Perhaps try a backup to it?
Can you expire what is already on A00010, then bpexpdate -deassignempty, and then create a temporary pool, and then assign this media to that pool, and then create a dummy backup job to write to that pool, so that it selects A00010, and try a big backup perhaps. Or try two small backups of the same job/policy, one after another, and see if the second backup job also fails to append to the same media?
06-16-2015 07:08 AM
I've expired the tape and moved it to a seperate pool, I then created a new policy to backup some local data... The following message appears in the log when trying to execute the policy. When performing an inventory on the TLD it does see the A00010 tape.
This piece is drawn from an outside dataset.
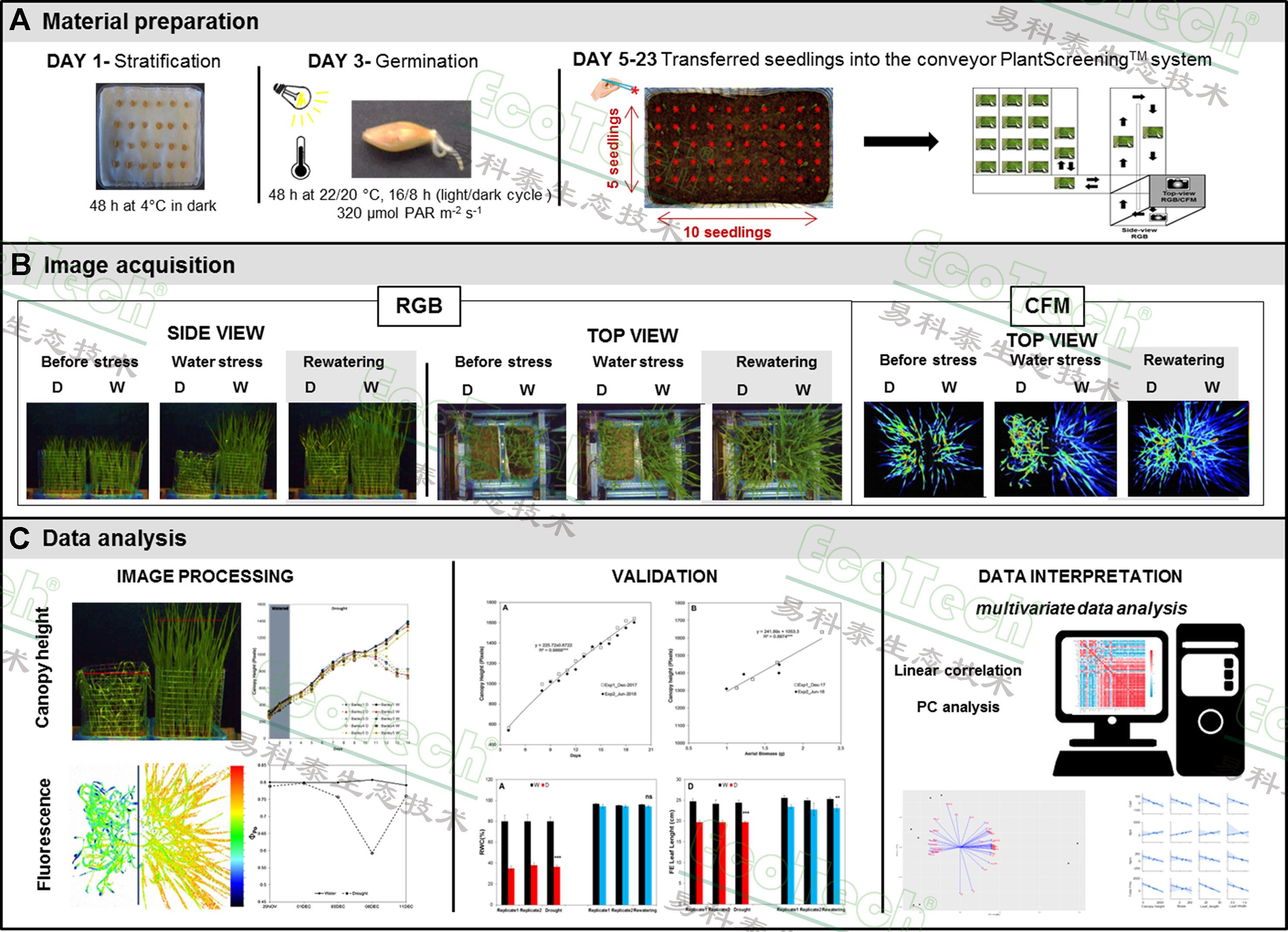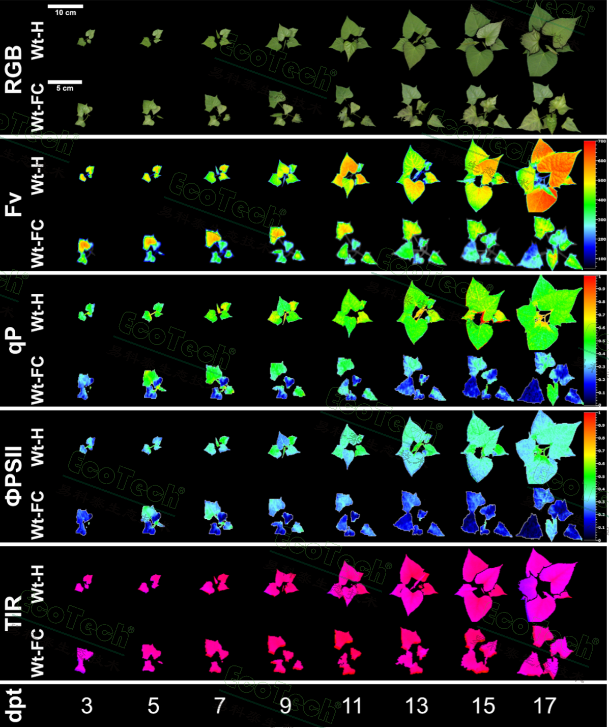 ·可與RGB成像形態(tài)結(jié)構(gòu)參數(shù)及FluorCam光合效率參數(shù)進(jìn)行相關(guān)分析等;可完整記錄追溯干旱過(guò)程與復(fù)水過(guò)程的動(dòng)態(tài)響應(yīng)等

16/06/2015 15:04:03 - requesting resource LTO6-LIB
16/06/2015 15:04:03 - requesting resource epany-archive.NBU_CLIENT.MAXJOBS.epany-archive
16/06/2015 15:04:03 - requesting resource epany-archive.NBU_POLICY.MAXJOBS.LTO6DuplicationPool-BackupTest
16/06/2015 15:04:03 - Error nbjm(pid=2228) NBU status: 96, EMM status: No media is available
unable to allocate new media for backup, storage unit has none available(96)
06-16-2015 07:16 AM
Have you ensured the policy is using the correct pool? Also that the tape is of the same type as the tape drives in the storage unit?